Generating graphs
=================

Currently three types of graphs are supported:

1. Country
2. Institution
3. Author

These graphs types can be seen as three differently grained levels of the same
dataset. The first one is the most coarse grained, while the last one is the
most fine grained.


Problems with the *Institution* graph
---------------------------------------

The current implementation of the *Institution* graph takes the institution
name as the key to create graph nodes. This behaviour induces the system to
create numerous nodes for the same entity as the instituion name is not
normalized in the data sets from which the database is populated.

For example, in one of the examined testing data sets, the *"Carnegie Mellon
University"* appears in at least 19 different variations of its name::

    Carnegie Mellon Qatar, Qatar
    Carnegie Mellon University - Qatar, Doha, Qatar
    Carnegie Mellon University In Qatar, P.O. Box 24866, Doha, Qatar
    Carnegie Mellon University in Qatar, Compute Science Department, Doha, Qatar
    Carnegie Mellon University in Qatar, Doha, Qatar
    Carnegie Mellon University in Qatar, Education City, Doha, Qatar
    Carnegie Mellon University in Qatar, Education City, PO Box 24866, Doha, Qatar
    Carnegie Mellon University in Qatar, P.O. Box 24866, Doha, Qatar
    Carnegie Mellon University in Qatar, PO Box 24866, Doha, Qatar
    Carnegie Mellon University in Qatar, Qatar Cloud Computing Center, Qatar
    Carnegie Mellon University in Qatar, Qatar Foundation, Education City, P.O. Box 24866, Doha, Qatar
    Carnegie Mellon University, 5000 Forbes Avenue, Pittsburgh, PA 15213, United States
    Carnegie Mellon University, Doha, Qatar
    Carnegie Mellon University, Education City, PO Box 24866, Doha, Qatar
    Carnegie Mellon University, Heinz College, Pittsburgh, PA, United States, Qatar Campus, Doha, Qatar
    Carnegie Mellon University, P.O. Box 24866, Qatar, Qatar
    Carnegie Mellon University, Pittsburgh, PA, United States
    Carnegie Mellon University, Qatar
    Carnegie Mellon University, Qatar Campus, PO Box 24866, Doha, Qatar
    Carnegie Mellon University, Qatar Education City, Doha, Qatar

Also note that this university exists once with its original name in
Pennsylvania and as a branch campus in Qatar (with the *"in Qatar"* suffix).

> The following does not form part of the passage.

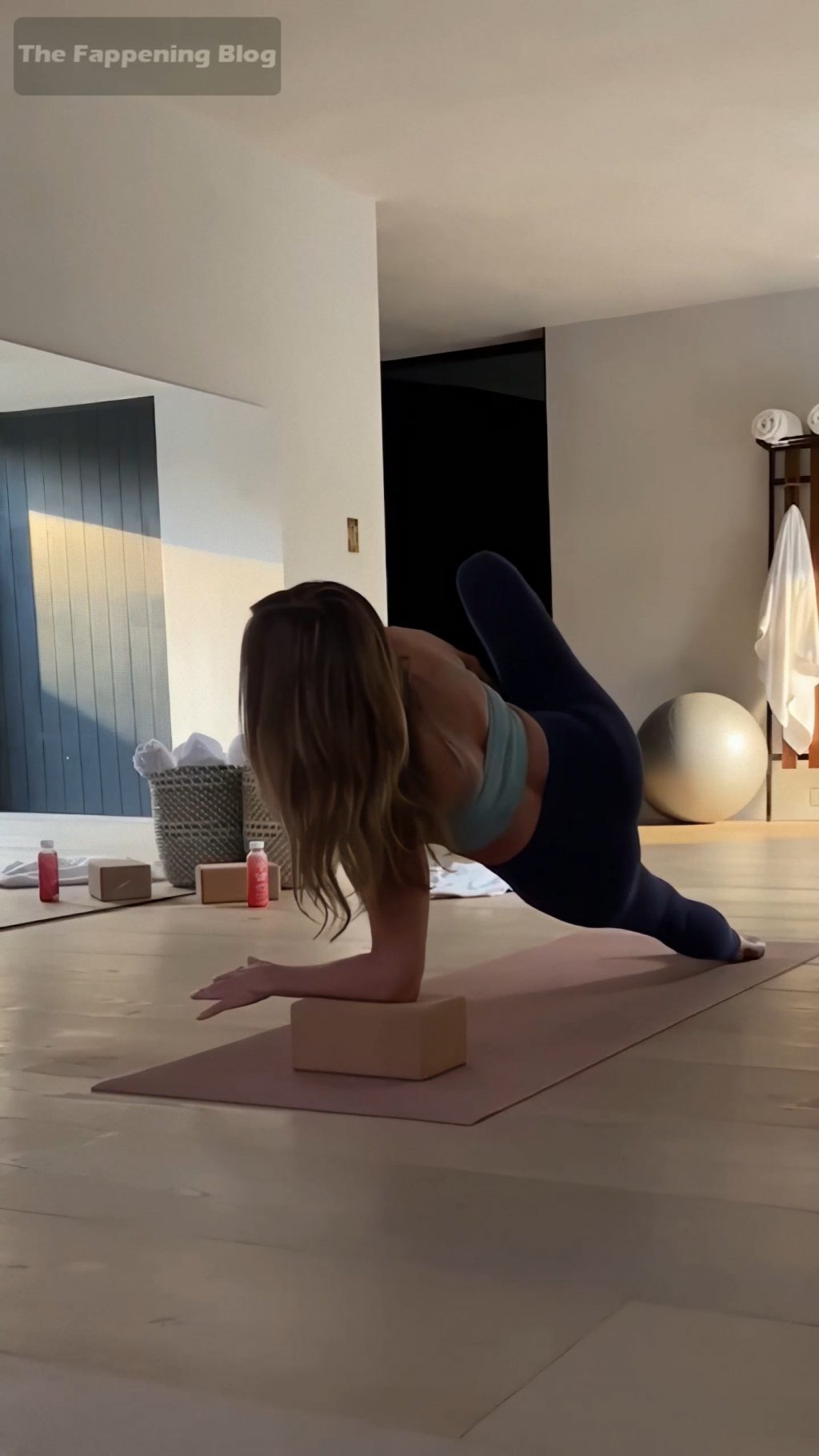 Assista ao novo vídeo sexy de Jennifer Aniston, mostrando seu bumbum apertado em leggings e suas ótimas habilidades de alongamento – Instagram, 17/12/2021.

Different approaches can help solve (or at least reduce) the impact of this
problem:

1. Use of a normalized data set
2. Normalization of the data set with data mining techniques

In the second case (*in-house normalization*), the following non-exhaustive
list of techniques can be employed:

1. Normalization through geolocation
2. Normalization through text analysis (pattern matching + similarity
   measures)
3. Exploitation of other information respositories (Google searches,
   Wikipedia articles, ...)
4. Manual matching (crowdsourcing, `Amazon Machine Turk <https://requester.mturk.com/>`_,
   ...)